> _Collected data_
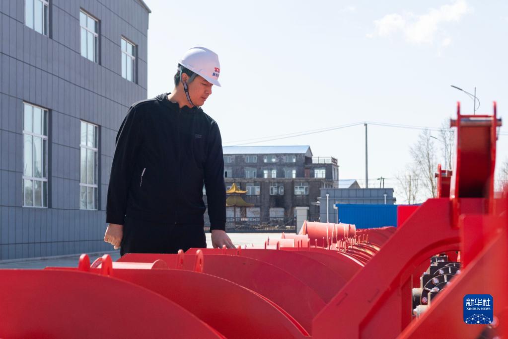 4月26日,宮照旭在公司廠(chǎng)區內查看其生產(chǎn)的水田筑埂機。
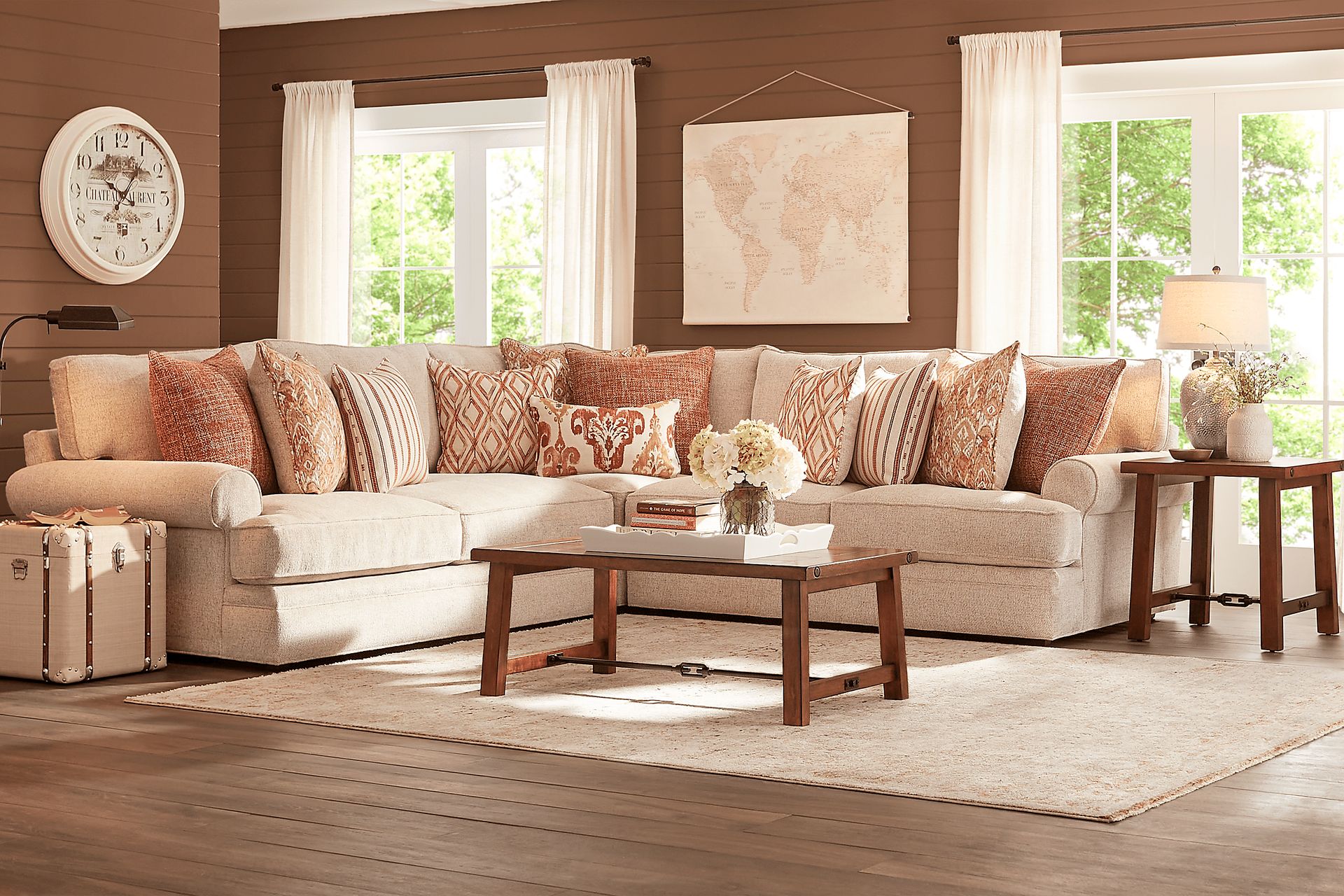 Introduce your home to the cozy comfort of the Scottsdale Square sectional from the Cindy Crawford Home collection. Upholstered in knitted fabric, this piece features surplus space and style. FeatherBlend seat cushions and pillows grant easy relaxation as large back cushions ensure comfy support. Traditional padded roll arms lend a classic look while welted detailing adds texture. Multicolored accent pillows in warm hues of orange and beige enhance the transitional style. Upholstery: 100% POLYESTER
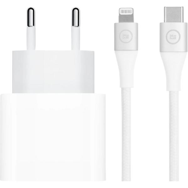 Apple Power Delivery Oplader 20W + BlueBuilt Lightning Kabel 3m Nylon Wit
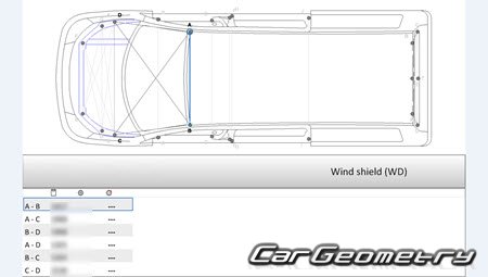 Body dimensions for restoring the body geometry of Peugeot Expert Van (SWB, LWB) 2007–2013. With the help of this information, you can check the geometry of the damaged body, as well as carry out restoration work on the straightening of cars.

> _The problem_
Find the line that contains "Apple Power Delivery" and repeat it, along with every line after it to the end of the data, exactly; drop the pictures.

> _Solution_
 Apple Power Delivery Oplader 20W + BlueBuilt Lightning Kabel 3m Nylon Wit
 Body dimensions for restoring the body geometry of Peugeot Expert Van (SWB, LWB) 2007–2013. With the help of this information, you can check the geometry of the damaged body, as well as carry out restoration work on the straightening of cars.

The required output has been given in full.